Struggling to find relevant sources for your review? Inciteful will list suitable articles with just the click of a button. Are your human research participants too expensive or complicated to manage? Not a problem – try synthetic participants instead.

Each of these tools suggests AI could be superior to humans in outlining and explaining concepts or ideas. But can humans be replaced when it comes to qualitative research?

This is something we recently had to grapple with while carrying out unrelated research into mobile dating during the COVID-19 pandemic. And what we found should temper enthusiasm for artificial responses over the words of human participants.

Encountering AI in our research

Our research is looking at how people might navigate mobile dating during the pandemic in Aotearoa New Zealand. Our aim was to explore broader social responses to mobile dating as the pandemic progressed and as public health mandates changed over time.

As part of this ongoing research, we prompt participants to develop stories in response to hypothetical scenarios.

In 2021 and 2022 we received a wide range of intriguing and quirky responses from 110 New Zealanders recruited through Facebook. Each participant received a gift voucher for their time.

Participants described characters navigating the challenges of “Zoom dates” and clashing over vaccination statuses or wearing masks. Others wrote passionate love stories with eyebrow-raising details. Some even broke the fourth wall and wrote directly to us, complaining about the mandatory word length of their stories or the quality of our prompts.

These responses captured the highs and lows of online dating, the boredom and loneliness of lockdown, and the thrills and despair of finding love during the time of COVID-19.

But, perhaps most of all, these responses reminded us of the idiosyncratic and irreverent aspects of human participation in research – the unexpected directions participants go in, or even the unsolicited feedback you can receive when doing research.

But in the latest round of our study in late 2023, something had clearly changed across the 60 stories we received.

This time many of the stories felt “off”. Word choices were quite stilted or overly formal. And each story was quite moralistic in terms of what one “should” do in a situation.

Using AI detection tools, such as ZeroGPT, we concluded participants – or even bots – were using AI to generate story answers for them, possibly to receive the gift voucher for minimal effort.

Contrary to claims that AI can sufficiently replicate human participants in research, we found AI-generated stories to be woeful.

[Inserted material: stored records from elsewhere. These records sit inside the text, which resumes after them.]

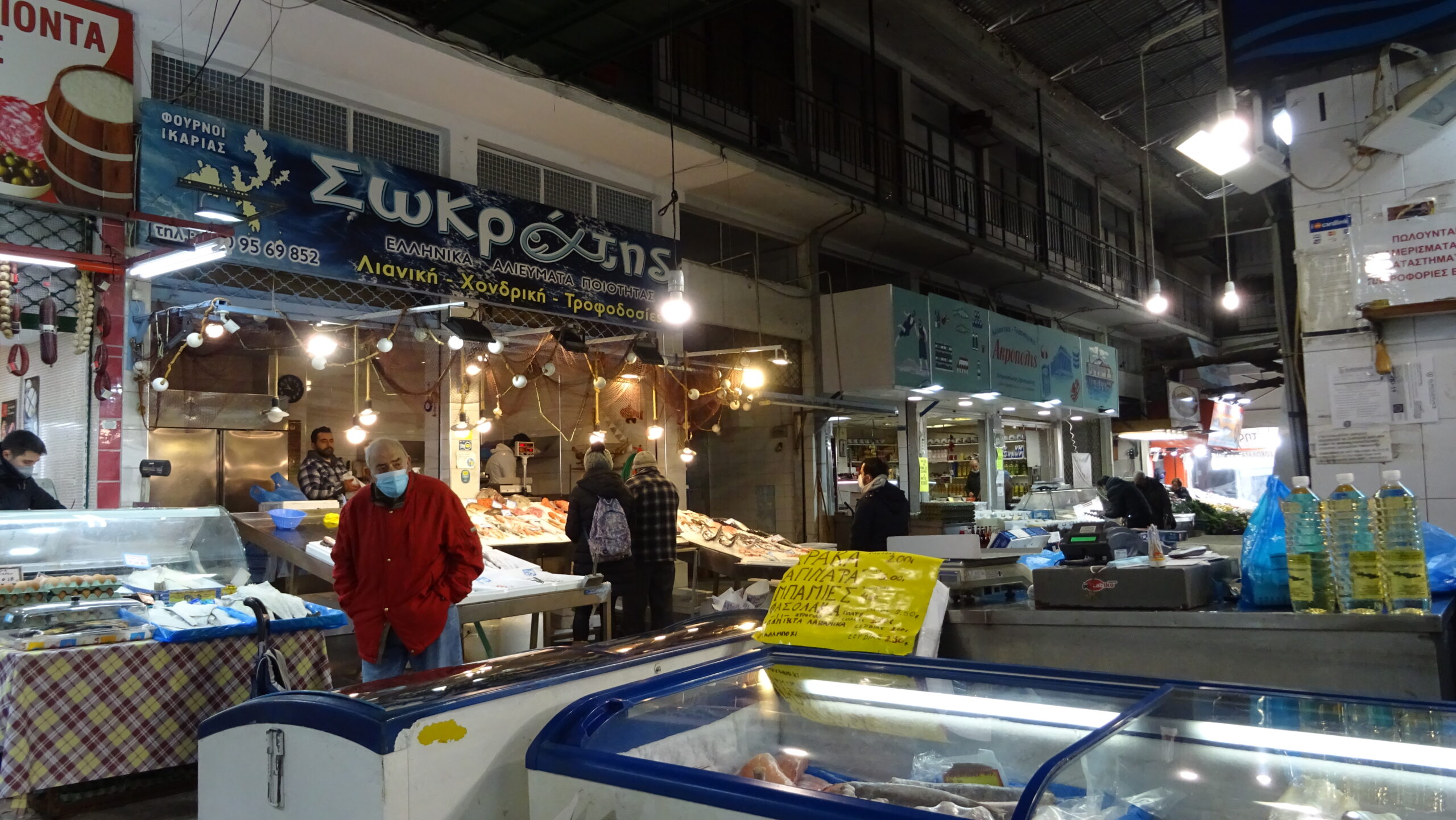 «Σωκράτης» (2109569852). Φρέσκα ψάρια με τα δικά τους αλιευτικά από τους Φούρνους Ικαρίας. Θα βρείτε εκτός από τα συνηθισμένα και ψάρια όπως χειλούδες και χάνους, κάποιες φορές πελαγίσια μυλοκόπια και αυγά ψαριών.
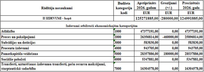 Izdevumi samazināti par EUR 280 000
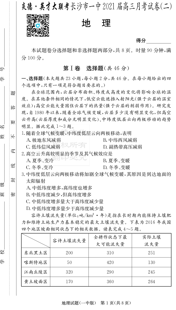 上一篇:【政治】炎德英才大聯考2021屆長沙市一中高三1次月考(高三聯合體12月聯考)
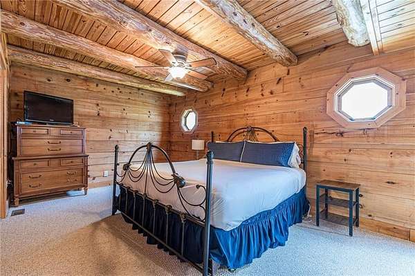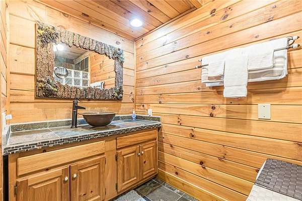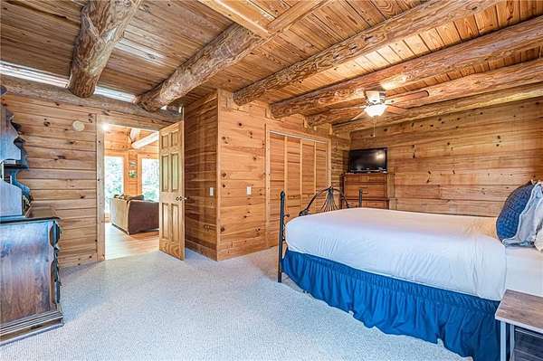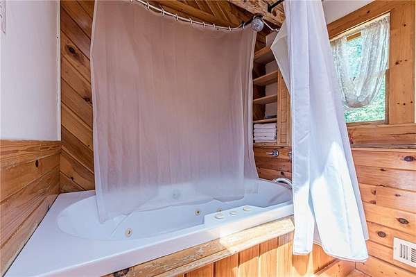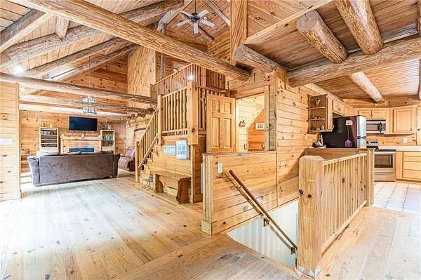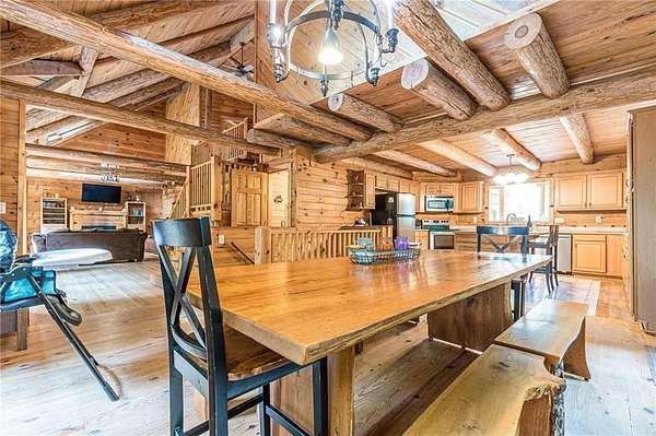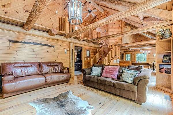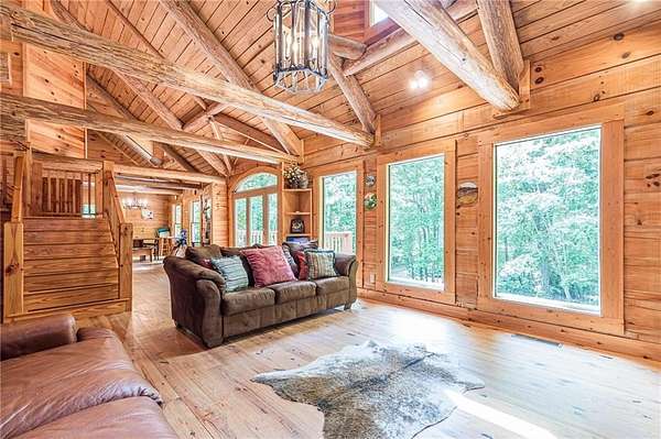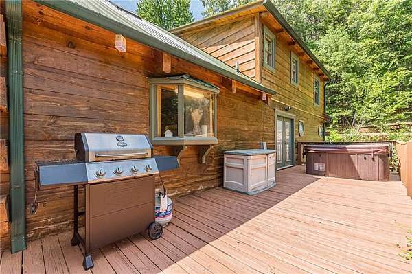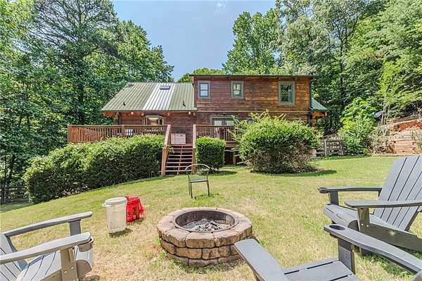 Unique cabin with stunning architecture and craftsmanship! The notched tree beams really set this home's character above the rest. Private residence or Airbnb/VRBO short term rental. Your choice. Large groups love the value and spacious experience of up to 7 bedrooms, a large kitchen and eating area, can sleep 12+, 10+ parking spaces and the huge, level grassy backyard with a detached garage where kids and pets can run and play. Makeover the backyard garage into a cute event space however you can imagine, or use it for great extra storage! All furnishings, appliances, hot tub, and generator included. Grand Chateau is a beautiful, large timber log cabin on 3 stories. Long beautiful paved driveway with a babbling creek and stunning hardwood forest! Bedrooms, bathrooms, and central heat and air on every floor. Enter the cabin on the front terrace level, into a spacious living room with leather couch, board games and TV. This room could also be a front reception area for guests and events. On the same level, you will find a game room with a basketball game, 2 bedrooms (1 with an en suite full bath) and a half bath. On the second level (main floor), you will find a spacious and open kitchen, equipped for all your cooking needs to show off your culinary skills, and a large dining table built on site with trees from the Appalachian forest! A large living room with 2 large couches, a huge LED TV, a master bathroom with a king size bed, french doors to the back deck (with new grill), an en suite bath with a step-less entry tile shower, and water closet. On the top floor, there are 2 spacious bedrooms with vaulted ceilings: one room with king size bed, the other room with a set of bunk beds, 1 queen bed and 1 single bed, game console, as well as a full hall bathroom with a relaxing jacuzzi tub. Roast marshmallows or sip a glass of wine at the fire pit while relaxing Adirondack chairs. Let kids and pets run and play in the large, grassy, and totally private fenced backyard. Play volleyball, badminton, lawn darts, horseshoes, cornhole, you name it! Short-term rental coaching, photographs, and maintenance contractors provided by owner. Current bookings must be honored. This cabin is very easy to access and is conveniently located near Dahlonega. 5 to 30 minutes away from multiple wineries, wedding venues, hiking and waterfalls, kayaking, canoeing, tubing and fishing down the river, gold and gem mining, 10 minutes to downtown Dahlonega square with all its restaurants, shops, festivals and antiquing, and 10 minutes to the beautiful Lake Zwerner Trail for hiking, kayaking and fishing. An easy drive from Atlanta. Area attractions draw a crowd, and within easy reach of Atlanta, Alpharetta, Helen, Jasper, Blue Ridge, Amicalola Falls State Park, the start of Appalachian Trail, Tallulah Gorge, Clayton, North Carolina, and more. You won't find an easier setup for beginning your journey to wealth. Please no drive-bys or walkthroughs of the property without an appointment! This is an operating business and guest privacy must be respected. All furniture, personel property and other items seen in the pictures are included in the sale, ready to move in.

We were reminded that an essential ingredient of any social research is for the data to be based on lived experience.

 

Is AI the problem?

Perhap the biggest threat to human research is not AI, but rather the philosophy that underscores it.

It is worth noting the majority of claims about AI’s capabilities to replace humans come from computer scientists or quantitative social scientists. In these types of studies, human reasoning or behaviour is often measured through scorecards or yes/no statements.

This approach necessarily fits human experience into a framework that can be more easily analysed through computational or artificial interpretation.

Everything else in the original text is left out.